Here is a story by Maryah Harding written in our fiction writing class. The technique under focus was the use of setting in story. The assignment asked students to put a character in conflict with their surroundings and for that character to respond in an expected way.
Family Values
By Maryah Harding
Light mist sprinkled across Adelaide’s porcelain skin, making it glisten with the icy drops. Her limp, midnight hair clung to her flushed cheeks. The air was heavy around her as she walked down the abandoned road, the soft glow of the flame colored streetlights barely breaking through the harsh gray of the night. Adelaide’s shoes made a gentle thud with each step as she bounded along the street.
“One pill, two pill, red pill, blue pill!” Adelaide sang out loudly, her lyrical voice sifting through the air like a bluebird’s song, the sound of cracking branches acting as a drum beat to her whimsical song. Adelaide removed the bottle of pills from the pocket of her tattered coat and shook them, the rattle of the medication inside matching her angelic voice.
Adelaide stopped in front of the Clarence house. The wind howled through the air and caressed her lightly soaked skin, the light mist turning in a drizzle of frozen kisses. She opened the pill bottle and shook out the multicolored pills, letting them fill her palm. She held them lovingly, like one would hold a fragile bird, frightened and alone. Throwing them into her mouth she swallowed them down, her tongue reaching for the droplets of water as the tightening in her chest began to fade and sweet ecstasy coursed through her small frame. The looming house reached for her with open arms, shifting in the darkness. Adelaide leapt through the dangling fence, the wood slowly rotting away from the abandoned house.
Adelaide’s girlish laughter tinkled through the roaring wind to the rotten front door and broken windows, the glass strewn across the damp floor boards. The branches of the ancient trees scraped against the panes and drew black shadows across the ruined house, raking down the already scratched lumber.
“Mummy, Daddy, Cattie, I’m home!” Adelaide’s voice rang through the empty house, her creaking footsteps echoing through the house. She gave a small twirl as she danced through her home, her fingers tracing the walls softly, like a man traces his lover’s delicate mouth with his rough fingers. Adelaide entered the kitchen, her mother lounging in the antique chair, resting her head against the uneven table. Adelaide skipped to her mother, wrapping her fragile arms around the older woman. Adelaide gently kissed her mother’s crying eyes, the tears streams of red liquid on her wrinkled face. She let go, watching her mother slump back into the position, her dress ripped and dried with dark stains, splashed in intricate designs across her body.

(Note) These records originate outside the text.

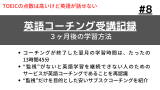 英語コーチングは高額なため、効果があるのか不安に感じている人も多いと思いますので、私自身の成長記録が少しでも参考になれば幸いです。
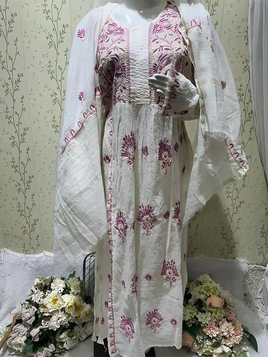 Royal Aura – Semi-Stitched Mul Chanderi Gown with Dupatta
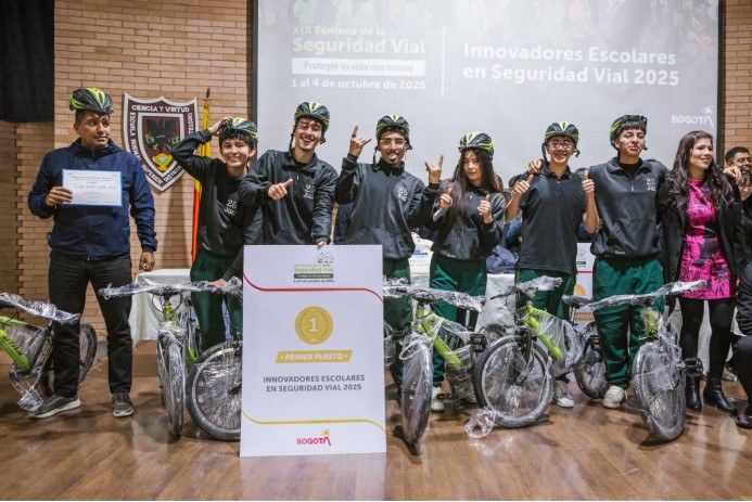 Bogotá, 3 de octubre de 2025. En una jornada que evidenció el potencial transformador de los jóvenes, se realizó la gran final del concurso Innovadores Escolares en Seguridad Vial - 2025: Aportando Juntos por una Movilidad Sostenible, Inclusiva, Eficiente y Segura, organizado por las secretarías de Educación y Movilidad, en cumplimiento del Acuerdo Distrital 650 de 2016.

Adelaide left her mother to rest in the kitchen, humming one of the nursery rhymes her mother used to sing to her, “Here comes a candle to light you to bed, and here comes a chopper to chop off your head! Chip, chop, chip, chop the last one is dead!” Adelaide giggled softly as she waltzed into the living room, drops of water hitting the floor, leaking onto the moth ridden couch.
“Hi, daddy. I’m home. Guess what I learned today?” Adelaide prattled on as she curled up next to her father on the couch. She leaned over and picked up her father’s ashen head and planted a kiss on his mouth, like little girls always do.
“I learned how to tie my shoes! I did a good job! Teacher said so.” Adelaide returned her father’s head to his lap, his skin sagging against his brittle bones. Her lips a darker shade of wine now as she ran her fingers through her father’s nearly bald head.
Adelaide left her aging father on the couch, making sure his head wouldn’t roll away like it had the tendency to do when she left him for too long. She scurried up the steps to little Cattie’s room, making sure to skip the missing step. Adelaide opened the door covered in ripped pictures drawn by careless hands, the absence of light hiding the content of the pictures from her smoky eyes.
“Cattie, are you sleeping?” Adelaide called out softly into the hushed room, the patter of raindrops hitting the window in a ceaseless pattern. She crept softly into the room, stepping over the decaying stuffed animals, picking up Peter Rabbit Adelaide continued to her sister’s sleeping form. Pulling the covers back slowly as to not disturb her resting form, Adelaide snuggled in next to her. Lovingly she ran her fingers through Cattie’s matted hair, Cattie’s blue lips parted slightly as if about to say something.
As sleep enveloped Adelaide’s girlish limbs, she murmured against her sister’s deathly cold skin, “Don’t be sad anymore, Cattie. Sissy will be able to play with you again tomorrow. And Mummy and Daddy will be there too. I promise.”
Very well written. Great description with characters.